Hello everyone, Im struggling to create a Kafka st...
# general
n
Hello everyone, Im struggling to create a Kafka stream ingestion with HLC consumer and a custom consumer group id. Anyone has worked on a similar case ?
I got this kind of error, but I can’t figure out why, the documentation is quite poor on this subject
Copy code
Caught exception while processing resource contactEvents_REALTIME, skipping.
java.lang.StringIndexOutOfBoundsException: begin 0, end 8, length 7
	at java.lang.String.checkBoundsBeginEnd(String.java:3319) ~[?:?]
	at java.lang.String.substring(String.java:1874) ~[?:?]
	at org.apache.pinot.common.utils.HLCSegmentName.<init>(HLCSegmentName.java:99) ~[pinot-all-0.10.0-jar-with-dependencies.jar:0.10.0-30c4635bfeee88f88aa9c9f63b93bcd4a650607f]
k
Hi can you share you table config and schema. Please remove any secrets from it if there
n
Don’t worry, I’m using helm with env var config secret
Copy code
{
  "tableName": "contactEvents",
  "tableType": "REALTIME",
  "segmentsConfig": {
    "timeColumnName": "created_at",
    "timeType": "DAYS",
    "retentionTimeUnit": "DAYS",
    "retentionTimeValue": "3650",
    "segmentPushType": "APPEND",
    "segmentAssignmentStrategy": "BalanceNumSegmentAssignmentStrategy",
    "schemaName": "contactEvents",
    "replication": "1",
    "replicasPerPartition": "1"
  },
  "tenants": {
    "broker": "DefaultTenant",
    "server": "DefaultTenant",
    "tagOverrideConfig": {}
  },
  "tableIndexConfig": {
    "loadMode": "MMAP",
    "streamConfigs": {
      "streamType": "kafka",
      "stream.kafka.consumer.type": "highlevel",
      "stream.kafka.topic.name": "united-pg.public.contact_events",
      "stream.kafka.consumer.factory.class.name": "org.apache.pinot.plugin.stream.kafka20.KafkaConsumerFactory",
      "stream.kafka.decoder.class.name": "org.apache.pinot.plugin.stream.kafka.KafkaJSONMessageDecoder",
      "stream.kafka.broker.list": "strimzi-kafka-bootstrap.strimzi.svc.cluster.local:9093",
      "stream.kafka.hlc.bootstrap.server": "strimzi-kafka-bootstrap.strimzi.svc.cluster.local:9093",
      "stream.kafka.hlc.zk.connect.string": "strimzi-zookeeper-client.strimzi.svc.cluster.local:2181",
      "stream.kafka.consumer.prop.auto.offset.reset": "earliest",
      "stream.kafka.hlc.group.id": "pinot",
      "security.protocol": "SSL",
      "ssl.truststore.type": "PKCS12",
      "ssl.keystore.type": "PKCS12",
      "ssl.truststore.location": "/ssl/ca.p12",
      "ssl.keystore.location": "/ssl/strimzi-user-pinot.p12",
      "ssl.truststore.password": "${SSL_TRUSTSTORE_PASSWORD}",
      "ssl.keystore.password": "${SSL_KEYSTORE_PASSWORD}"
    },
    "bloomFilterColumns": [
      "tenant_id",
      "contact_id",
      "content_id"
    ]
  },
  "metadata": {
    "customConfigs": {}
  }
}
I tried many things so maybe some config is redundant, but while looking on pinot source code I spotted this option
"stream.kafka.hlc.group.id"
I think It is causing an issue with the
HLCSegmentName
class
k
Yes, that is the cause of the issue.

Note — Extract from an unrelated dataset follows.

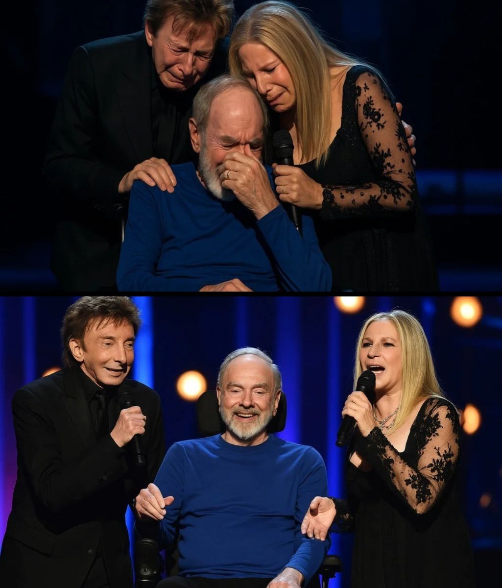 At his side stood Barbra Streisand, elegant and steady, her eyes filled with the kind of affection that only decades of shared history can hold. Behind the piano waited Barry Manilow, hands poised above the keys, his face marked by the solemn awareness that this was not a concert — it was a moment that would be remembered for generations.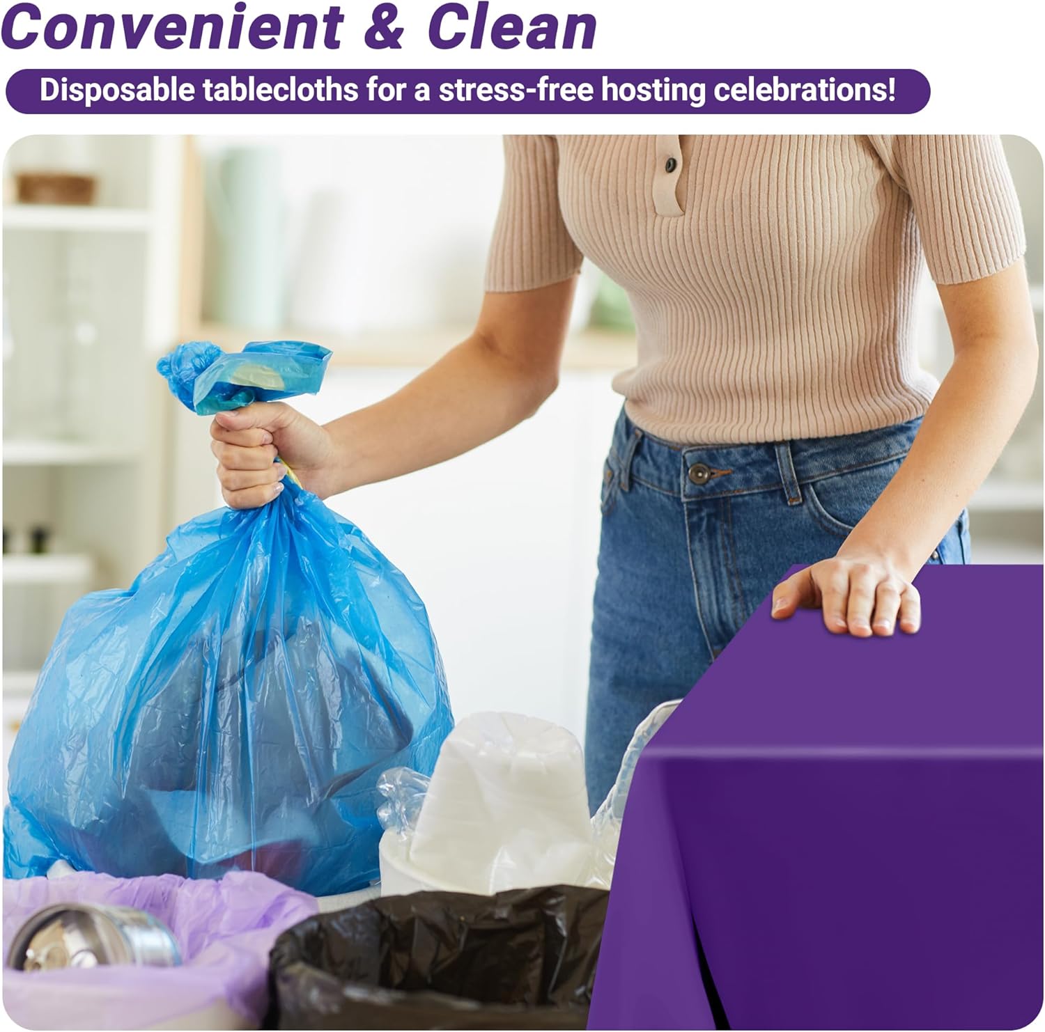 • Quick and Convenient: Embrace the convenience of this disposable plastic table cloth designed for juggling multiple party decorations. After bridal shower decorations and graduation decor, simply gather the table cover and toss it—no scrubbing. The lightweight material is easy to store, perfect for planners prepping events like iridescent party decorations and senior night decorations, ensuring you have more time to accompany guests.

Will it be possible for you to use
lowlevel
consumer? I am meanwhile looking for a fix. I guess just increasing the groupId to a bigger string should fix it but need to verify.
n
In my case, I really need a consumer group so I can’t use
lowlevel
consumer type right now 😕 I will try with a bigger group id (
apachepinot
instead and let you know)
k
The error seems to be in
PinotTableIdealStateBuilder
class. Working on alternative/fix.
n
why do you particularly need a consumer group? HLC has been deprecated.. here’s some reasons why we did that: https://www.confluent.io/resources/kafka-summit-2020/apache-pinot-case-study-building-distributed-analytics-systems-using-apache-kafka/
n
I need It to keep control on the offset and track the lag on my broker
Internally you are using
null
group id or random string generated ones ? Because in the case you enable ACLs on the external broker you will have issues ?
n
there’s a separate effort ongoing to be able to track lag between kafka consumer and broker offset: https://github.com/apache/pinot/pull/8280
wy do you think there would be issues if ACLs are enabled on external broker? are you seeing any problems like those in llc?
n
Because, If you specify a consumer group id, you need to have authorization for a user to access this group id and perform offset commit , read ,etc But if you specify a
null
group id, you will have no authorization error. After some search Kafka has change the behavior of group id
""
and group id
null
https://issues.apache.org/jira/browse/KAFKA-6774
n
Yes I already did It and It’s working